It gives me great pleasure to announce the appointment of three new fellows – Mary Gentile, Matt Bostrom and Richard Bents. We are honored to have their advice and assistance in our work of providing thoughtful reflections and practical metrics on securing a more moral capitalism and more moral government.
Each has provided unique and important insight into values and the role they play in our lives and institutions. As the Caux Round Table (CRT) focuses more and more on the moral sense in each of us, which provides the foundation for civilization, their advice and recommendations will be timely and very relevant to the challenges of our times.
Mary C. Gentile, Ph.D., is Creator/Director of Giving Voice to Values. Giving Voice to Values, a pioneering business curriculum for values-driven leadership, has been featured in the Financial Times, Harvard Business Review, Stanford Social Innovation Review, McKinsey Quarterly, etc. and piloted in over 1,260 business schools and organizations globally. She authored the award-winning book Giving Voice to Values: How to Speak Your Mind When You Know What’s Right, with translations in Chinese and Korean. She has also authored numerous other books and articles and partnered with Nomadic.fm in 2014 to launch six online interactive social cohort-based modules around Giving Voice to Values.
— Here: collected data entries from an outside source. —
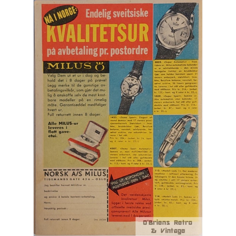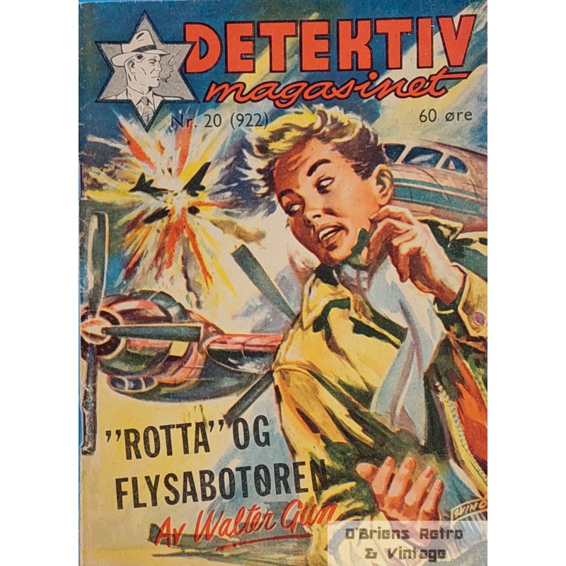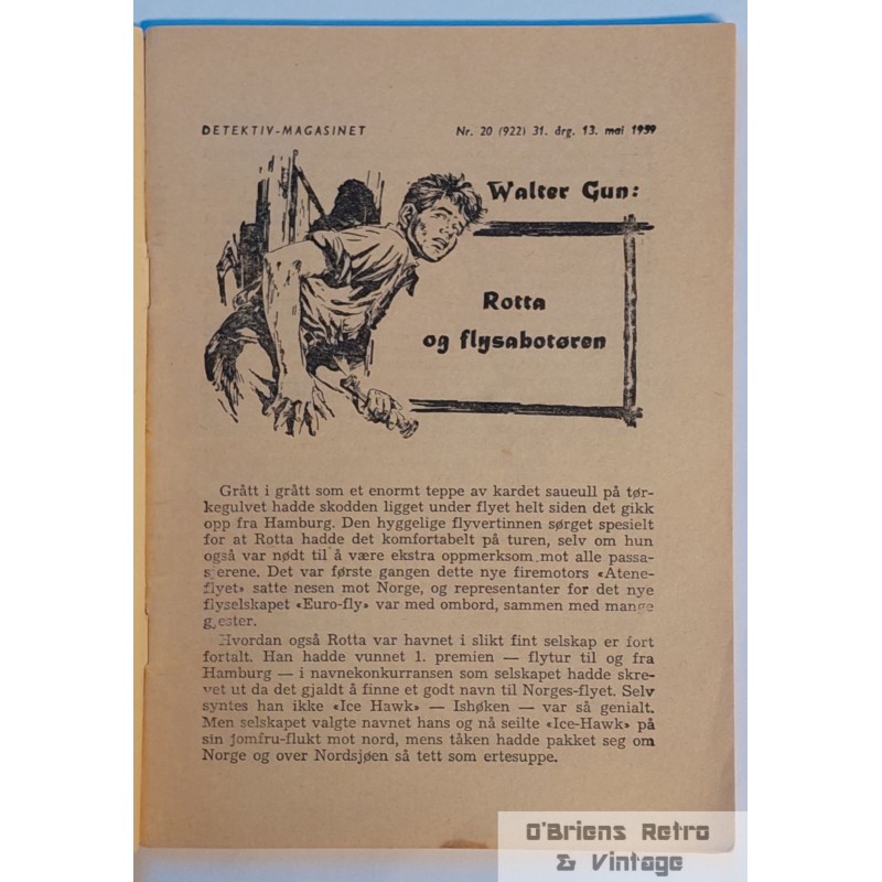 Detektiv-Magasinet fra 1959 i fin stand. Med historien Rotta og flysabotøren av Walter Gun. Se bilder for mer informasjon om heftet.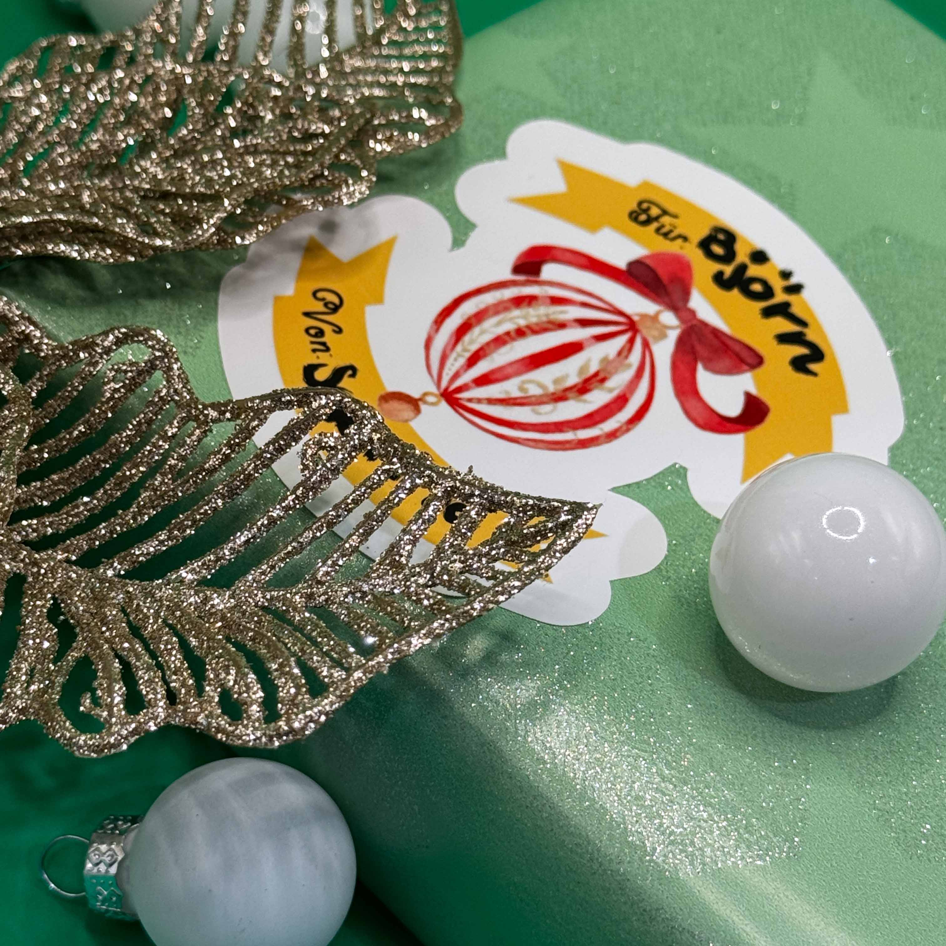 Das rot-weiße Weihnachtskugel Geschenketikett kann mit einem geeigneten Kugelschreiber oder Marker beschriftet werden und ist für glatte Oberflächen im Innenbereich vorgesehen. Ideal zur individuellen Kennzeichnung von Weihnachtsgeschenken.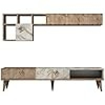 • Muro equipado: composición de la sala de estar, gabinete de sala de estar multipropósito, guardarropa de televisión, 180x35h40 cm, nuez y mármol blanco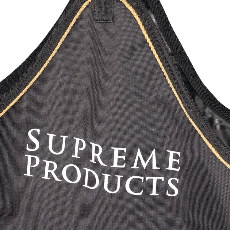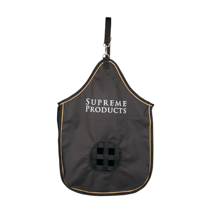 A durable, convenient, and easy-to-use hay bag that is ideal for using at home, at competitions, and while travelling. Designed to reduce waste, it is easy to fill and will keep mess to a minimum. Featuring an adjustable strap and clip fastening for quick and easy hanging and a small windowed front to keep your horse occupied for longer. Finished in signature black and gold colours to match the rest of the Supreme Products luggage collection.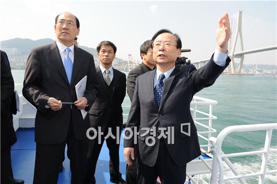 [아시아경제 조슬기나 기자]1박2일 일정으로 부산을 찾은 이주영 해양수산부 장관이 14일 배를 타고 북항 재개발 현장을 둘러보고 있다.부산=조슬기나 기자 seul@asiae.co.kr<ⓒ세계를 보는 창 경제를 보는 눈, 아시아경제(www.asiae.co.kr) 무단전재 배포금지>
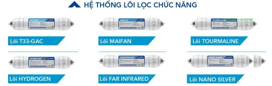 - Lõi lọc hồng ngoại xa FAR INFRARED: Có cấu tạo từ than hoạt tính gáo dừa và bóng gốm hồng ngoại xa. Lõi lọc chữa các bóng gốm có khả năng hấp thụ năng lượng nhiệt bên ngoài để phát ra tia hồng ngoại xa, giúp nước được hoạt hóa dễ hấp thụ vào cơ thể. Thời gian sử dụng của lõi lọc 12 tháng 10.000 lít nước.

Mary is also Professor of Practice at the University of Virginia Darden School of Business, senior advisor with the Aspen Institute’s Business and Society Program and consultant on management education and leadership development.
Among numerous other awards, Gentile was named as one of the “Top Minds 2017” by ComplianceWeek, one of the 2015 “100 Most Influential in Business Ethics” by Ethisphere and one of the “Top Thought Leaders in Trust: 2015 Lifetime Achievement Award Winners” by Trust Across America-Trust Around the World. She was recently short-listed for the Thinkers50 2019 award for “Ideas Into Practice” (having also been short-listed in 2017). Giving Voice to Values also won the Bronze Medal in the 2017 Reimagine Education Ethical Leadership Awards.
From 1985-95, Gentile was faculty member and manager of case research at Harvard Business School and one of the principal architects of HBS’s Leadership, Ethics and Corporate Responsibility curriculum. She co-authored Can Ethics Be Taught? Perspectives, Challenges and Approaches at Harvard Business School and was content expert for the award-winning interactive CD-ROM, “Managing Across Differences” (HBS Publishing).
Gentile earned her B.A. from the College of William and Mary and her M.A. and Ph.D. from the State University of New York-Buffalo.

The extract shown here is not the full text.